> [EXERCISE PROMPT]:
Once you find the line containing "Itinerário : Sydney, Airlie" in the data below, copy it and each following line exactly, up to and including the line containing "Restaurant menu map", and nothing else.

(Data entries)
::::::

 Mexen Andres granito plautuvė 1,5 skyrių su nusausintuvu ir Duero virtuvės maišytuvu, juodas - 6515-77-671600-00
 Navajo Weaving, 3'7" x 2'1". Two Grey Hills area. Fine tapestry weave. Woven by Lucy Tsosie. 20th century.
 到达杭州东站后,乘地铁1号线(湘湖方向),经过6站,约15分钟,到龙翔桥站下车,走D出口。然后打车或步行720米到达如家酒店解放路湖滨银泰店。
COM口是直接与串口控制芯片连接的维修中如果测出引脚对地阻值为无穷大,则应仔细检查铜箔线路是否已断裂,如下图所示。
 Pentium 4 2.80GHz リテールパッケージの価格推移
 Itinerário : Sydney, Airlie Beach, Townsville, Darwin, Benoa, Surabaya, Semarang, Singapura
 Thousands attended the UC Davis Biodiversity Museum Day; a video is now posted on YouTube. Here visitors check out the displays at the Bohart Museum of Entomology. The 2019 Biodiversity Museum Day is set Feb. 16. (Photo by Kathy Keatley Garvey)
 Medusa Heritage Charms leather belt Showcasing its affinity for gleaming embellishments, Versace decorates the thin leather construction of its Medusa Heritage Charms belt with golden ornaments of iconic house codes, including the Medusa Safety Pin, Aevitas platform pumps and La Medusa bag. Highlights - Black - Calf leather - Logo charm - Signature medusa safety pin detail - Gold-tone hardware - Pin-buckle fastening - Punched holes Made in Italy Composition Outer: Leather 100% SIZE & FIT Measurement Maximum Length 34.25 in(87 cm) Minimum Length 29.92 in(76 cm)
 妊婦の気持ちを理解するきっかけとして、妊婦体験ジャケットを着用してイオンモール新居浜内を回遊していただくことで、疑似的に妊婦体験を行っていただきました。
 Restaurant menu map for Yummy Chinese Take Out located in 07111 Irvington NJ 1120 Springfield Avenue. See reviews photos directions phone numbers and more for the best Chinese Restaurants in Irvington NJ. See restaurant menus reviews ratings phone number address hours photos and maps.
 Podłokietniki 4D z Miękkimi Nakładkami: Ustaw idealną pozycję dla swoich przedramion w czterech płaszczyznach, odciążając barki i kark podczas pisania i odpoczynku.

::::::

> [OUTPUT FOR THIS TASK]:
 Itinerário : Sydney, Airlie Beach, Townsville, Darwin, Benoa, Surabaya, Semarang, Singapura
 Thousands attended the UC Davis Biodiversity Museum Day; a video is now posted on YouTube. Here visitors check out the displays at the Bohart Museum of Entomology. The 2019 Biodiversity Museum Day is set Feb. 16. (Photo by Kathy Keatley Garvey)
 Medusa Heritage Charms leather belt Showcasing its affinity for gleaming embellishments, Versace decorates the thin leather construction of its Medusa Heritage Charms belt with golden ornaments of iconic house codes, including the Medusa Safety Pin, Aevitas platform pumps and La Medusa bag. Highlights - Black - Calf leather - Logo charm - Signature medusa safety pin detail - Gold-tone hardware - Pin-buckle fastening - Punched holes Made in Italy Composition Outer: Leather 100% SIZE & FIT Measurement Maximum Length 34.25 in(87 cm) Minimum Length 29.92 in(76 cm)
 妊婦の気持ちを理解するきっかけとして、妊婦体験ジャケットを着用してイオンモール新居浜内を回遊していただくことで、疑似的に妊婦体験を行っていただきました。
 Restaurant menu map for Yummy Chinese Take Out located in 07111 Irvington NJ 1120 Springfield Avenue. See reviews photos directions phone numbers and more for the best Chinese Restaurants in Irvington NJ. See restaurant menus reviews ratings phone number address hours photos and maps.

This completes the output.